Nivolumab/Relatlimab: A Novel Addition to Immune Checkpoint Inhibitor Therapy in Unresectable or Metastatic Melanoma.

OBJECTIVE

The aim of this article is to assess available data regarding use of nivolumab/relatlimab for adult and pediatric patients 12 years of age and older with unresectable or metastatic melanoma.

DATA SOURCES

A search of PubMed conducted from August 2019 to August 2022 with the search terms , , and resulted in 14 publications.

STUDY SELECTION AND DATA EXTRACTION

Relevant clinical trials written in English language were analyzed.

DATA SYNTHESIS

Nivolumab/relatlimab was approved by the Food and Drug Administration following results of a phase 1/2 trial and phase 2/3 RELATIVITY-047 trial. Nivolumab/relatlimab demonstrated a median progression free survival (PFS) of 10.1 months in the first-line setting without new safety signals. The PFS benefits appear greatest in those with programmed cell death-ligand 1 (PD-L1) <1% and lymphocyte activation gene-3 (LAG-3) ≥1%. Adverse effects commonly experienced were immune related in nature and require early identification and prompt management. Grade 3 or 4 adverse effects occurred in 18.9% of patients.

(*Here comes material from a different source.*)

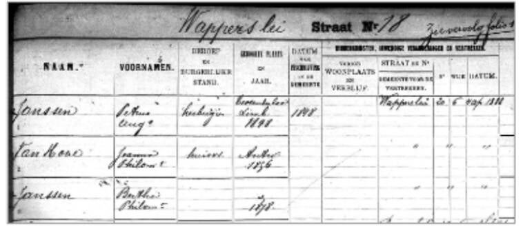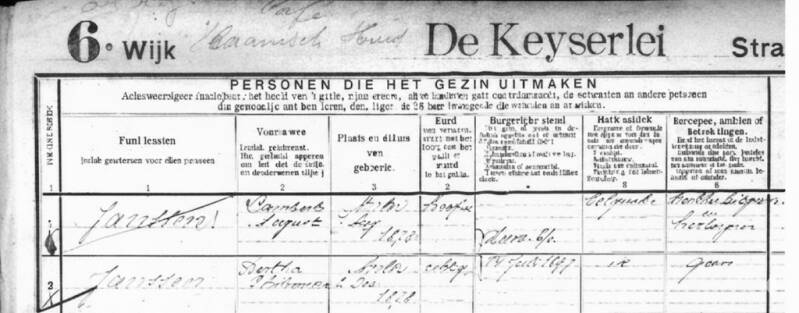 Buiten de familie Janssen – Van Hove en de familie Janssens – Janssen, staan er in die periode geen andere mensen op de De Keyserlei 22 ingeschreven. We kunnen dus aannemen dat ze elk één van de twee verdiepingen boven het café bewonen.

RELEVANCE TO PATIENT CARE AND CLINICAL PRACTICE

For patients 12 years of age and older with unresectable or metastatic melanoma, nivolumab/relatlimab offers a new first-line treatment option. Evaluation of PD-L1 expression along with concomitant use of medications with potential interactions should be evaluated when deciding if nivolumab/relatlimab is the most appropriate treatment option.

CONCLUSIONS

Nivolumab/relatlimab adds an additional first-line treatment option demonstrating promising improved PFS for patients with unresectable or metastatic melanoma, particularly those with PD-L1 <1% and/or LAG 3 ≥1%. Additional uses of nivolumab/relatlimab may be on the horizon as further clinical trials are ongoing.